As a mental health professional who has worked with children for over eight years, I have seen the toll that mental illness has on the whole family. Parents who are raising children who are struggling with their mental health are often tired, burnt out, and fearful. One of the most important things you can do as a parent is to stay healthy yourself. Taking care of your physical and emotional health will prepare you for the work of supporting your child through their recovery. Below are some of the things I have seen to be helpful to parents while helping a child with mental illness.
1. Identify Support People: Who are the people in your life that you can talk to, problem-solve with, and be honest with?
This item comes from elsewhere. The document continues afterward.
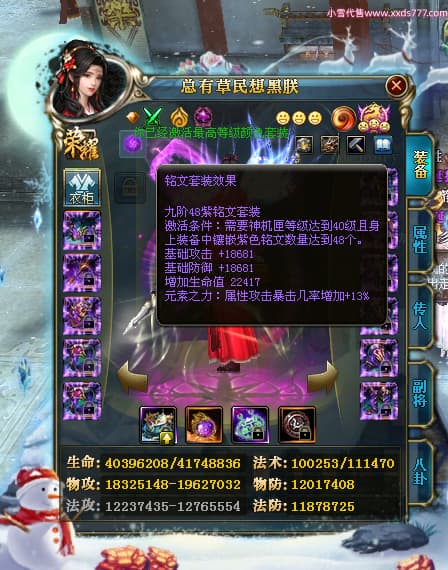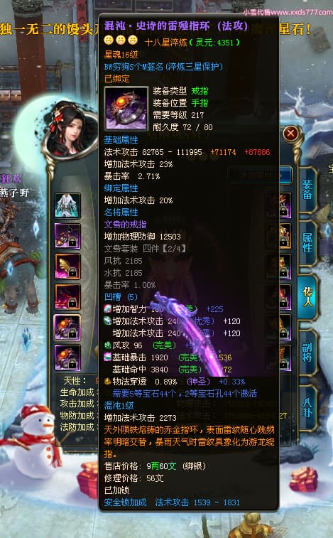 编号Z24160 总有草民想黑朕 逐鹿天下 青州 世界排名11名 37036W战力 人物混沌加强橙18X 传人黄金史诗紫18X(6件混沌) 副将精良紫12X 马混沌精良橙14X(双潜能60级56级) 史诗紫17披风 人物星魂16级 传人星魂14级 副将星魂6级 马星魂16级 人物铭刻18级 人物点亮18星 马铭刻15级 点亮14星 人紫龙印 马4件绿龙印1件黄龙印 六等单双属性神圣石头 绿紫孔
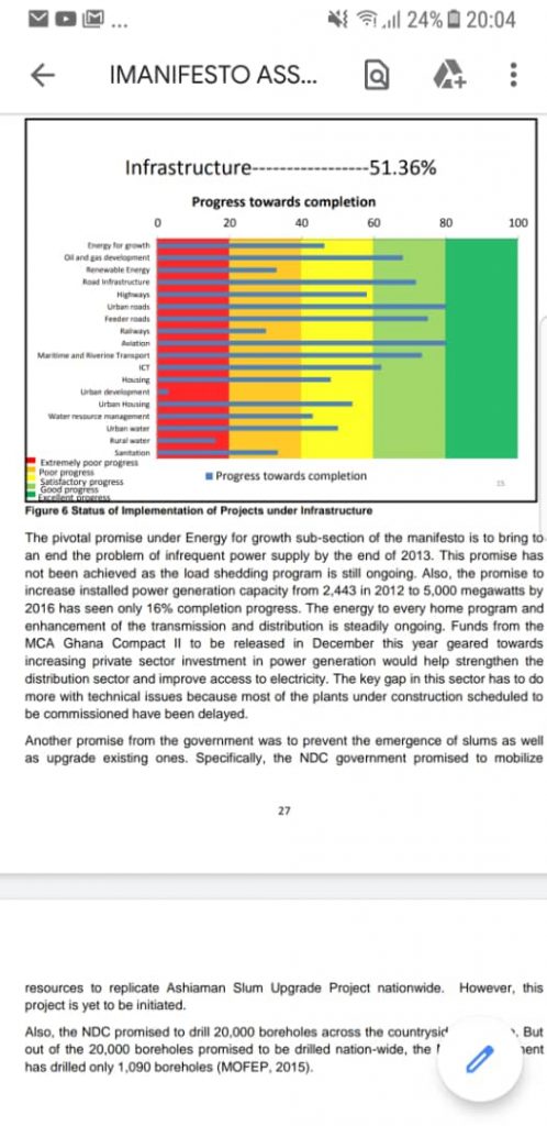 In 2019, after three years of executing the ( 2016-2019) IMANI’s NPP manifesto, it revealed that on Infrastructure, the NPP scored a good 46.44%. The NPP had done more in infrastrcture than they claim.

Having at least one person you can talk to about what you and your family are experiencing can go a long way. Knowing you can be open and honest about your experience in a non-judgmental environment can reduce stress, isolation, and feelings of hopelessness. Some may be there to listen to you and encourage you, while others may be willing to give you a much-needed break by babysitting to provide you with space or coming to help you in a time of crisis. You will never know if you don’t ask. These people can be friends, parents, or siblings.
2. Build your Own Coping Skills: When we become stressed and overwhelmed, we often struggle to make the best decisions for ourselves and others. Knowing which tools and techniques are useful in calming yourself down can help in many ways. First, knowing that you need time and space to calm down and asking for it is an excellent way of showing your child how to do the same. Asking for breaks, walking away, and grounding yourself are all wonderful tools you can use to give yourself the mental clarity and stamina it will take to care for your child. The internet is full of grounding techniques and “how-to” videos. Hop on over to YouTube and type in “Mindfulness,” “Deep Breathing,” or “Muscle Relaxation,” and you’re sure to find a treasure chest of ways to practice.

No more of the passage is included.